Tech Blogs and Professional Social Network Posts

Not all industry researchers have a public-facing presence (i.e., talks, publications, conference attendance). Researchers might not share the work publically to protect the company’s intellectual property in a competitive field, or they might not publish because it is not incentivized by their company or required for their career progression. To learn about certain job types, you might have to dig a bit deeper. Here, you can take advantage of professional social networks, such as LinkedIn and Twitter. You can learn a lot about skills and requirements by taking a look at people’s training background and reading the types of posts they share. Some companies will also have a tech blog, where they post about recent research and the researchers behind the work.

Informational Interviews

Lastly, informational interviews might be the most useful resource you’ll have in this process, but they are also a big ask, so don’t go in underprepared. If you’ve never done informational interviews before, read up on them before starting. In short, you should spend only a brief amount of time introducing yourself, come prepared with thoughtful questions, and show consideration for the person’s time. The goal is to understand what this person’s job is like by asking a set of interview questions (e.g., What does a workday look like for you? What do you like the most about your job? The least? What skills do you think are most important for someone interested in a job like yours?). At least some of these questions should be tailored to your career “must haves”.

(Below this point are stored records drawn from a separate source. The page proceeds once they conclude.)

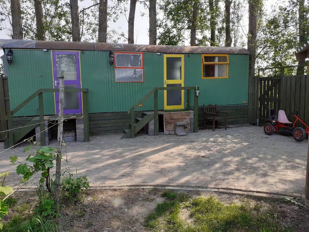 Bij de huisje vind u de sanitaire voorzieningen in een grote groene pipowagen. Rechts de toiletten en 3 wastafels, links 2 douches met warm en koud water en een wascabine met warm water. Tegen over de pipowagen staat het keukenhuisje met een 4 pitgasstel, koelkastje en warm water. Er is serviesgoed, bestek en glazen en er staan pannen.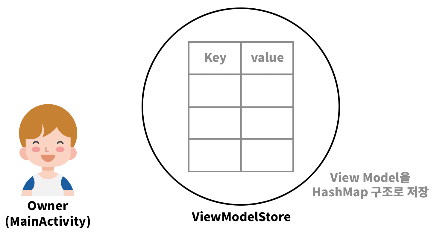 ViewModelStore은 ViewModel 객체가 HashMap 구조로 저장되는 곳이다.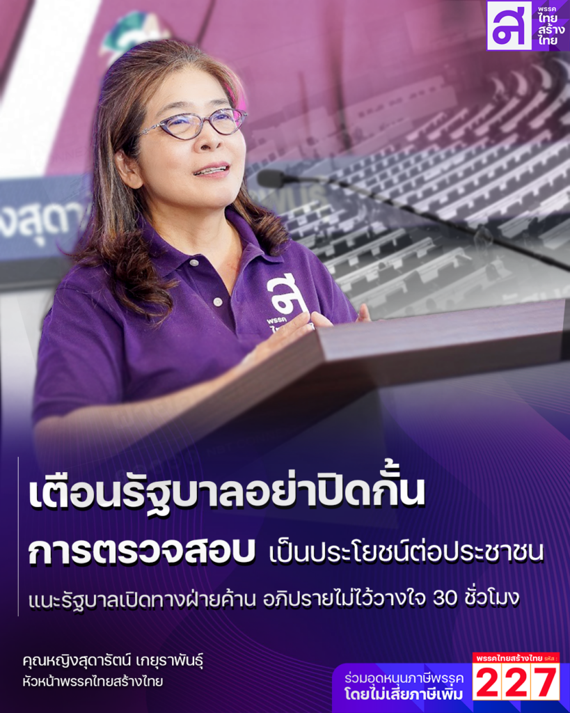 คุณหญิงสุดารัตน์ เกยุราพันธุ์ หัวหน้าพรรคไทยสร้างไทย เรียกร้องให้รัฐบาลเปิดโอกาสให้ฝ่ายค้านได้ทำหน้าที่ตรวจสอบอย่างเต็มที่ ในการอภิปรายไม่ไว้วางใจ น.ส.แพทองธาร ชินวัตร นายกรัฐมนตรี โดยเสนอให้มีระยะเวลาอภิปราย 30 ชั่วโมง เพื่อนำเสนอข้อมูลที่สำคัญและเป็นประโยชน์ต่อประชาชนได้อย่างครบถ้วน

The primary goal of an informational interview is not to get a referral or an invite to interview, but those can be side benefits. Informational interviews are a good way to build your network and to place you in the mind of a potential hiring manager. When you follow up via email/message afterward, you might note that you are on the market and invite the individual to keep you in mind if the right fit comes along.

Create a Taxonomy of Relevant Job Options

When I was making the transition to industry research, I built a rough taxonomy of different categories of jobs while carrying out informational interviews and surveying job postings. This taxonomy wasn’t built strictly on job titles, but instead reflected important features of various types of jobs (note that job titles for the same type of work will vary from company to company, and the same title might have very different functions in different teams or companies). For example, during informational interviews and job phone screens, it became clear to me that research roles for people with my background differed based on whether they were focused on product or on longer-term R&D. They also varied in the degree to which they required domain expertise versus transferable skills (e.g., experimental design, statistical analysis). I was also able to derive some understanding of important features of various jobs from reading many job descriptions.

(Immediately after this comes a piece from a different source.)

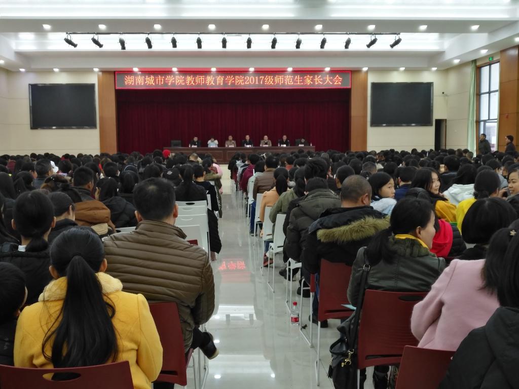 (本网讯)2017年农村中小学教师公费定向师范生培养,是我校与益阳市人民政府校地合作的重要项目。为进一步做好公费定向师范生培养工作,让家长更全面了解自己孩子生活学习的情况,充分展示学校良好的校纪校风,122日下午,我校教师教育学院邀请600余名2017级师范生家长来校,举办“家校携手 共同托起孩子们的梦想”主题家长会。副校长雷存喜,招生就业处、教师教育学院相关负责人出席会议。会议在团委活动中心举行。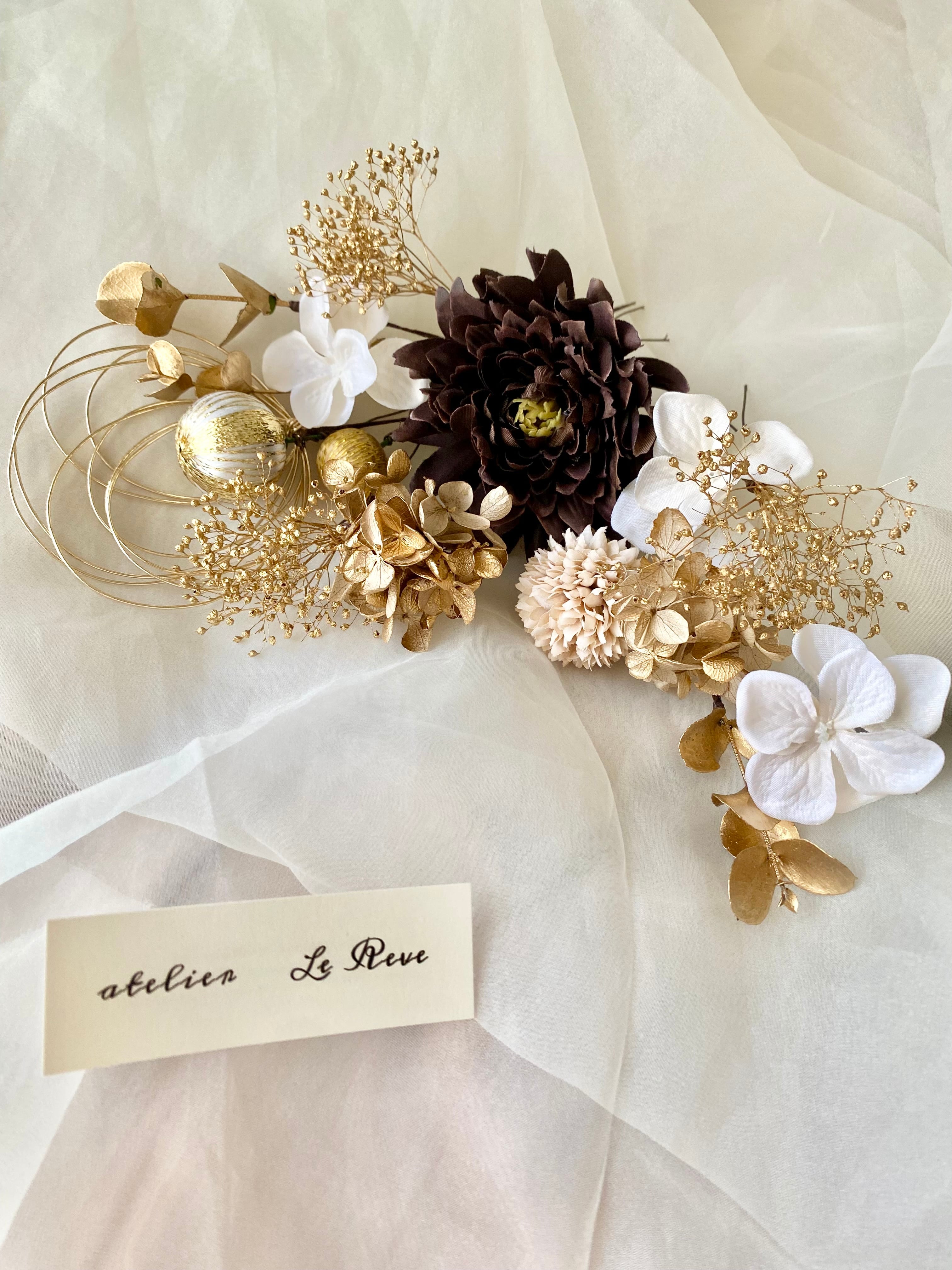 ひときわシックなブラウンマムをポイントにベージュやホワイト、ゴールドを合わせた洗練された大人かっこいい髪飾りです。

As you map out this set of possible job options, be sure to take note of the required skills and accomplishments for obtaining a particular class of jobs, which will help you determine whether you are competitive and whether there are any skill gaps that you should address. At this point, you’ve hopefully identified some paths that are particularly appealing and that you would be competitive for. Using my taxonomy, I identified the job categories that appealed most to me, and I gave myself an allotted number of months to go after my most preferred jobs before moving down the list.

And Move Forward!

This process can help you gather a lot of information to set yourself on a good trajectory. However, you will never know the exact best direction. Life is a journey and a lot of it can’t be known ahead of time. All you can do is diligently collect relevant information and then trust your gut. In my experience with industry, one of the biggest perks is flexibility and mobility — if something isn’t working or if you desire a new challenge, you can move around within company or across – you can make and remake your path.

So, don’t get stuck. Do your research, trust your newly informed gut, and then move forward confidently and enjoy the grand adventure that is your career!